The cells that line the inside of the gut — known as intestinal epithelial cells — may play a key role in triggering inflammation that drives multiple sclerosis (MS), a study showed.
The study found that these cells can activate a type of T-cell known as Th17 cells. These pro-inflammatory immune cells then travel to the brain and spinal cord to induce inflammation. Blocking this gut-based immune activation decreased disease severity in a lab model of MS, suggesting this immune pathway may be a valuable therapeutic target in MS.
“While current therapies for MS often target B cells, our study highlights the gut as an important therapeutic site,” Shohei Suzuki, MD, PhD, first author of the study and assistant professor at Keio University in Japan, said in a university press release.
The study, “Intestinal epithelial MHC class II induces encephalitogenic CD4 T cells and initiates central nervous system autoimmunity,” was published in Science Immunology.
MS is marked by inflammation in the brain and spinal cord, collectively known as the central nervous system. The underlying causes of MS are incompletely understood, but a growing body of evidence suggests that disruptions in the composition of gut microbes (known as the gut microbiota) may play a role in MS.
Investigating immune responses in the gut
“Increasing evidence shows that the gut microbiota influences neurological diseases such as Parkinson’s, Alzheimer’s, and MS,” said Tomohisa Sujino, PhD, associate professor at Keio University and the study’s lead author. “However, the mechanisms linking gut microbes, intestinal immunity, and brain inflammation remain unclear. We were keen to identify how gut immune responses contribute to neuroinflammatory diseases.”
Using mice with experimental autoimmune encephalomyelitis (EAE), a lab-induced inflammatory disease used to model MS, the researchers found that Th17 cells accumulate along the intestines. These inflammatory immune cells have previously been linked to CNS inflammation in MS.
Immune cells such as Th17 cells can recognize and attack specific molecular targets, known as antigens. To help guide this process, other cells in the body undertake a process known as antigen presentation, in which they capture pieces of molecules and display them on their surface, almost like putting them in a molecular display case for immune cells to inspect. This system allows the immune system to patrol the body and detect any threats.
Intestinal epithelial cells aren’t usually involved in antigen presentation. But the researchers found that in EAE mice, these gut cells increase the production of major histocompatibility complex class II (MHC II), one of the main molecular display cases used for antigen presentation.
In subsequent experiments, the researchers found that deleting MHC II from intestinal epithelial cells reduced the number of inflammatory Th17 cells, accompanied by a reduction in overall disease severity.
Further tests demonstrated that MHC II on intestinal epithelial cells can trigger Th17 cells to go after antigens found in the brain, and that these inflammatory Th17 cells are able to migrate from the gut into the central nervous system and trigger EAE symptoms.

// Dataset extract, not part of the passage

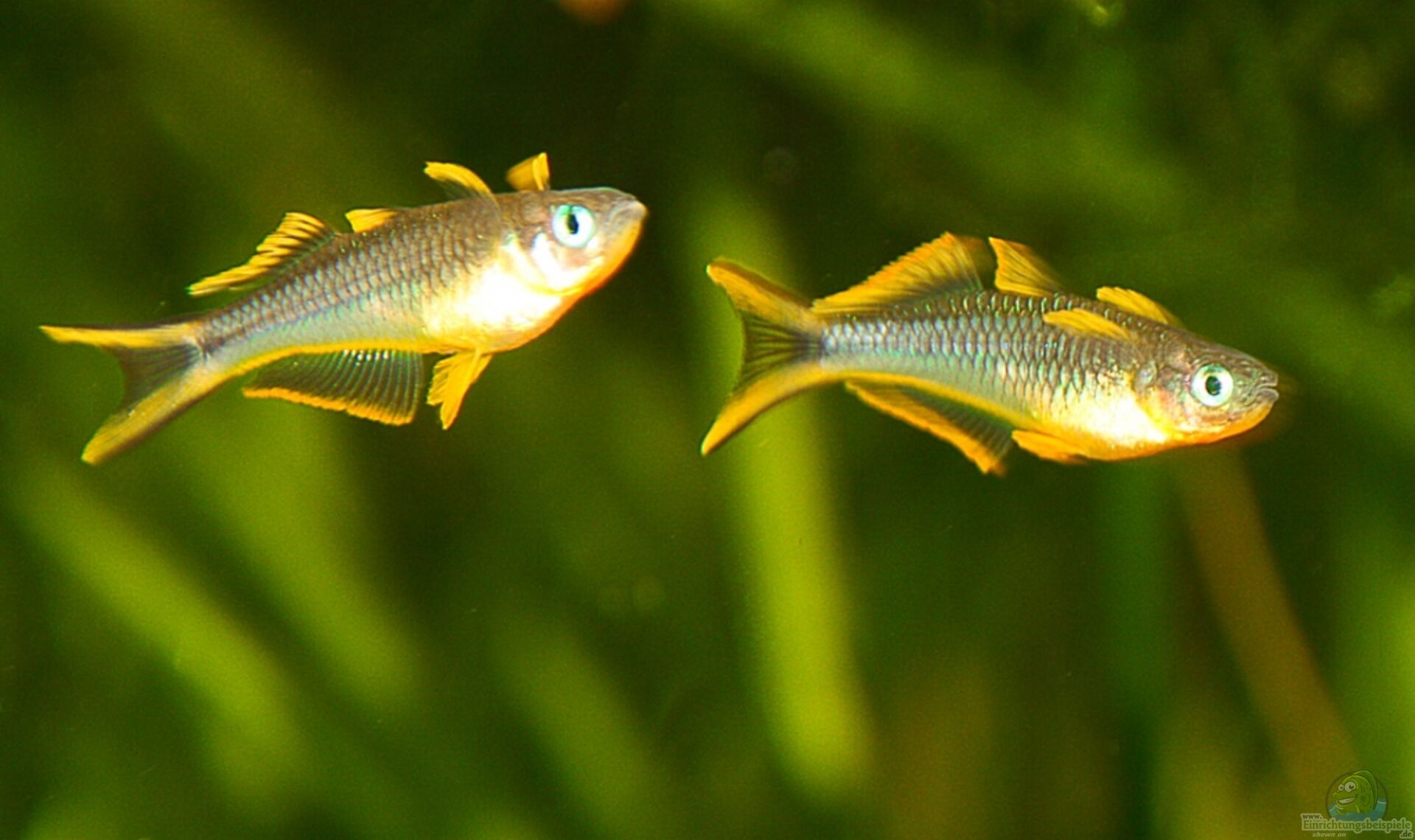 Geschlechtsunterschiede: Männchen ---> Bauch und Flossen sind in einem sehr kräftigen Hell - Goldgelb bzw. darüber und Umrandet wird dies mit einem tiefschwarzen Band rund um die Schwanzflossen. Die Rückenflosse wird bei Balz gewaltig aufgemacht die Brustflossen fallen durch ihre gelben Rundungen sehr stark auf. Der Bauchbereich strahlt (je nach Standortvariante) von Gelb - Orange. Grundfarbe ist ein silbriger Grundton

Collectively, the data support a model in which intestinal cells prime inflammatory immune cells, which then travel to the CNS to drive inflammation. Supporting their work in mouse models, the scientists found that analyses of gut biopsies from MS patients showed elevated levels of Th17 cells and increased MHC II expression in intestinal epithelial cells.
“These findings uncover a conserved gut–central nervous system axis in autoimmunity and position epithelial antigen presentation as a key initiator of neuroinflammation,” the researchers said.
The scientists speculated that this newly uncovered biological pathway may be a key target for new MS treatments.
“Modulating the intestinal microbiota or antigen-presenting activity of [intestinal epithelial cells] represents new approaches to treating autoimmune neurological diseases,” Suzuki said.